Creating a short name

The core functionality of an URL Shortener is to create a short name and store the mapping between it and an URL. But how long should that name be? We want it to be short enough so that it makes sense to use it but it can’t be too short or we won’t have enough names for URLs.

With that in mind, I chose to create short names as base64 encoded 6 bytes (48 bits), resulting in an 8 character string for every short name with the 6 bytes being read from a cryptographically secure random number generator.

With 6 bytes we can create 281 trillion different names, which should be more than enough. And by having the name be a fixed size, all our short urls will always have the same number of characters. The code to generate the name is very simple, thanks to Go’s crypto/rand and base64 packages.

Name clashing

While 48 bits gives us trillions of possible names, there is still the chance that we might randomly generate the same name. The odds of this happening increases as we create more names and surprisingly, due to the birthday paradox, we get a 50% chance of name clashing at around 20 million (24 bits) names generated. To account for this, we need to generate a new name in case there is a clash.

The database schema gives us the means to identify this issue: I added an unique index to the short name. If we try to insert the same short name twice, a constraint violation is triggered and the insert fails. The code for creating and storing the name is run in a loop with a set number of retries in case we trigger a violation.

URL Validation

Shortened URLs can be a source of abuse because they mask the original URL. Attackers can disguise their intent using the shortener (http://sho.rt/ruwklD93k vs http://www.bad-bank.com) and trick users to e.g download malware, enter their bank credentials in a phishing site, steal sensitive cookies (XSS/CSRF attacks) among other abuses. A production-ready URL Shortener must handle abusive URLs and this is the correct layer to handle this.

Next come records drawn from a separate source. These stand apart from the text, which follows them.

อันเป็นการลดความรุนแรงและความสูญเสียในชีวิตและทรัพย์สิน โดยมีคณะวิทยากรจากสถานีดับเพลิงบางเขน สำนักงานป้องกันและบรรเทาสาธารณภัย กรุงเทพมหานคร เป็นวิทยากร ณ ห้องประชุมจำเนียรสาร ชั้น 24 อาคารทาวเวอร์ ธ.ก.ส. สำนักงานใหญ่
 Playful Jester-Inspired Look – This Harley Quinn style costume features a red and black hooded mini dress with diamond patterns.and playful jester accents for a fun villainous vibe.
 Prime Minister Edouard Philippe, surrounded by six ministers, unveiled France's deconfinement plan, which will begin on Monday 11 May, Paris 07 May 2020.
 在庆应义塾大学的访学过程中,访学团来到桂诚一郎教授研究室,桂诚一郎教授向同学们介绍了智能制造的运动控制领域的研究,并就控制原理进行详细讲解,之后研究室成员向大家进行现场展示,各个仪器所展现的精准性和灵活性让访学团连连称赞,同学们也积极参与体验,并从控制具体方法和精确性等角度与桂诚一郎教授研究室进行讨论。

But, anti-abuse is its own domain and there are a multitude of strategies to adopt in order to remove as many sources of abuse as possible. The topic deserves an article on its own so for now the only validation that we will do is to check if the URL string is empty or not and if it is less than 8k characters.

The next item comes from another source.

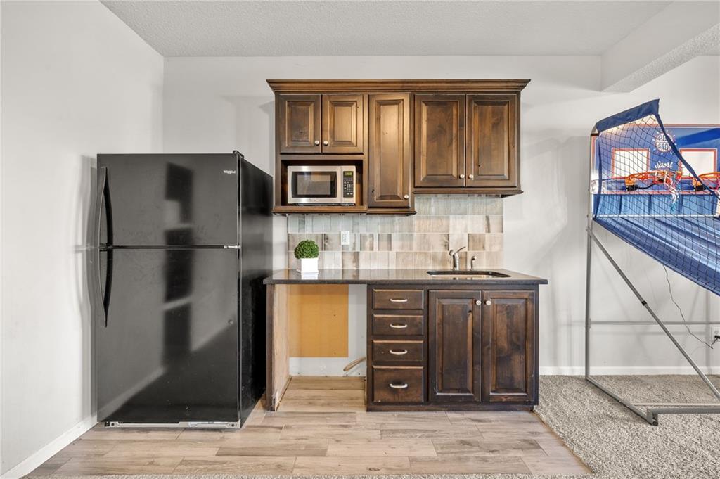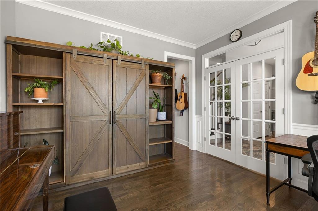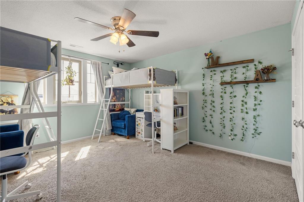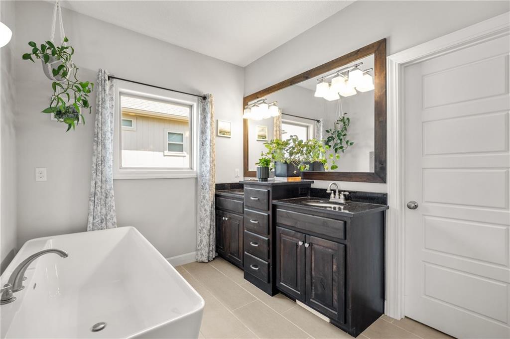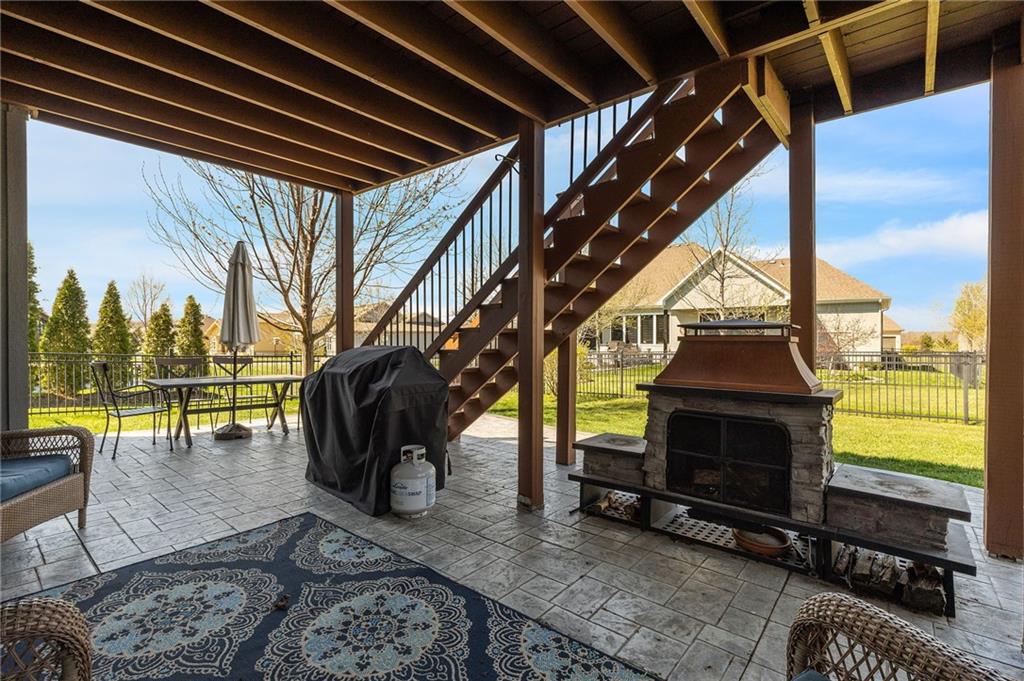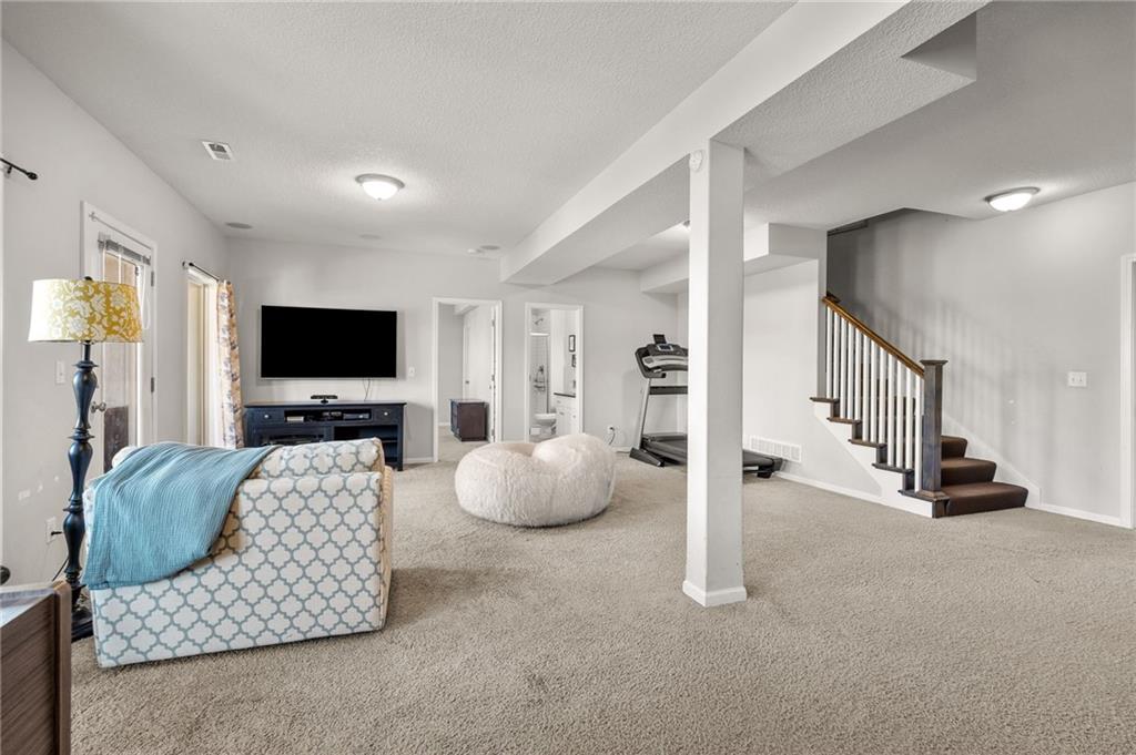 Stunning home in sought-after Chapel Hill, offering exceptional community amenities including two pools, clubhouse, playground, pickleball courts, and miles of scenic walking trails. A charming covered front porch welcomes you into a wood floor foyer, with hardwoods flowing throughout the main living areas, half bath, and mudroom. Thoughtfully designed, the mudroom features built-in bench seating, coat hooks, and cubbies, with convenient access to the garage and laundry room, which connects directly to the owner’s suite closet. The private main-level owner’s suite showcases a stepped ceiling, plush carpet, ceiling fan, and serene views of the wrought iron fenced backyard. The spa-like ensuite bath features tile flooring, a modern soaker tub, tiled shower, and direct access to the walk-in closet and laundry. The great room impresses with a wood-beamed ceiling, stone fireplace, and walls of windows, seamlessly opening to the kitchen and breakfast area. The kitchen is a true centerpiece with an oversized granite island with integral sink, walk-in pantry, stainless appliances, coffee nook, and butler’s pantry connecting to a front office or formal dining room with French doors. The breakfast area walks out to a covered deck, perfect for relaxing or entertaining. Upstairs offers four bedrooms, all with ceiling fans, including a private suite and a Hollywood bath shared between two bedrooms; all baths feature tile floors and granite counters. The finished walk-out lower level expands your living space with a family room, recreation area with wet bar, built-ins, microwave nook, and space for a full-size refrigerator. A fifth bedroom, full bath, and abundant storage complete the lower level. Enjoy outdoor living on the stamped and stained concrete patio within the fenced backyard. Ideally located near Heritage Park with golf, fishing, and an off-leash dog park just moments away.

The limit was chosen to give a large enough room for most URLs while allowing me to calculate space usage. In the worst case I would need 8200 bytes to store a mapping, giving me ~130,000 mappings per gigabyte. Typical URLs will be much smaller, in the range of a few dozens to a few hundred characters, so we are looking at 1.3 - 10 million mappings per gigabyte.

Putting it all together

We are now ready to create the APIs:

package service

type Shortener struct {
  // ...
}

func New(/*...*/) *Shortener {
  // ...
}

// ShortNameFor stores and returns a short name for the given long.
func (s *Shortener) ShortNameFor(
    ctx context.Context,
    long string,
) (string, error) {
    // ...
}


// LongFrom returns the long name for the given short.
func (s *Shortener) LongFrom(
    ctx context.Context,
    short string,
) (string, error) {
    // ...
}

The service implements 2 methods: ShortNameFor and LongFrom. The former creates the short name, stores the mapping and returns it and the latter retrieves the long name given the shortname.

The Shortner struct

The service depends on the storage API, not the underlying database. This is evidenced by the fields of the struct:

type Shortener struct {
	queries     *storage.Queries
	randSource  io.Reader
	existsRetry int
}

We have a dependency on *storage.Queries, which is the struct that sqlc generated to add the methods we created from SQL queries. randSource is a source of random bytes which we use to generate the random name and existsRetry is the number of times we can retry in case we have a name clash.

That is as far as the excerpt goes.